━━ PROVIDED DATA

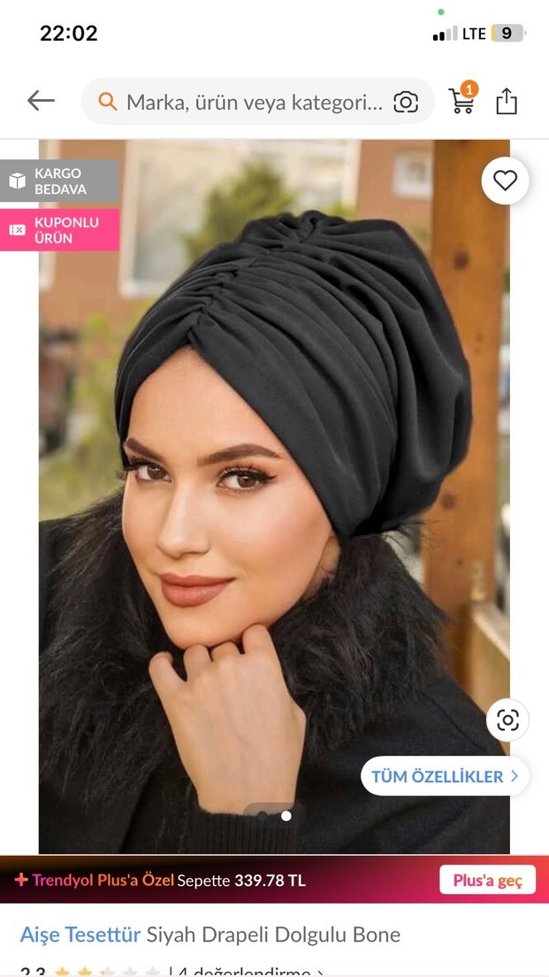 Yumuşak sentetik kumaştan siyah drapeli kadın bone, mütevazı ve gotik tarzda. Rahat bir görünüm sağlar.
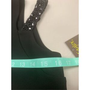 Ladies super cute black chiffon material beaded detail sleeveless Strappy cocktail style dress by Taylor. Excellent condition. Ladies size 4. New with tags.
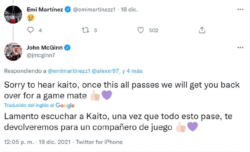 L’inaspettata situazione vissuta da Kaito Jones è arrivata alle orecchie di Emiliano Martínez. Una volta saputo della vicenda, il portiere della Nazionale argentina ha espresso la sua tristezza con una emoji su Twitter, mentre il compagno di squadra John McGinn, è andato oltre, emozionando il ragazzo per il futuro: “Mi dispiace sentire Kaito, una volta che tutto questo passerà ci vedremo di nuovo per una partita compagno”.

━━━━

DESCRIPTION OF THE TASK:
Print every line of the material exactly as written, but drop the pictures.

FINAL ANSWER:
 Yumuşak sentetik kumaştan siyah drapeli kadın bone, mütevazı ve gotik tarzda. Rahat bir görünüm sağlar.
 Ladies super cute black chiffon material beaded detail sleeveless Strappy cocktail style dress by Taylor. Excellent condition. Ladies size 4. New with tags.
 L’inaspettata situazione vissuta da Kaito Jones è arrivata alle orecchie di Emiliano Martínez. Una volta saputo della vicenda, il portiere della Nazionale argentina ha espresso la sua tristezza con una emoji su Twitter, mentre il compagno di squadra John McGinn, è andato oltre, emozionando il ragazzo per il futuro: “Mi dispiace sentire Kaito, una volta che tutto questo passerà ci vedremo di nuovo per una partita compagno”.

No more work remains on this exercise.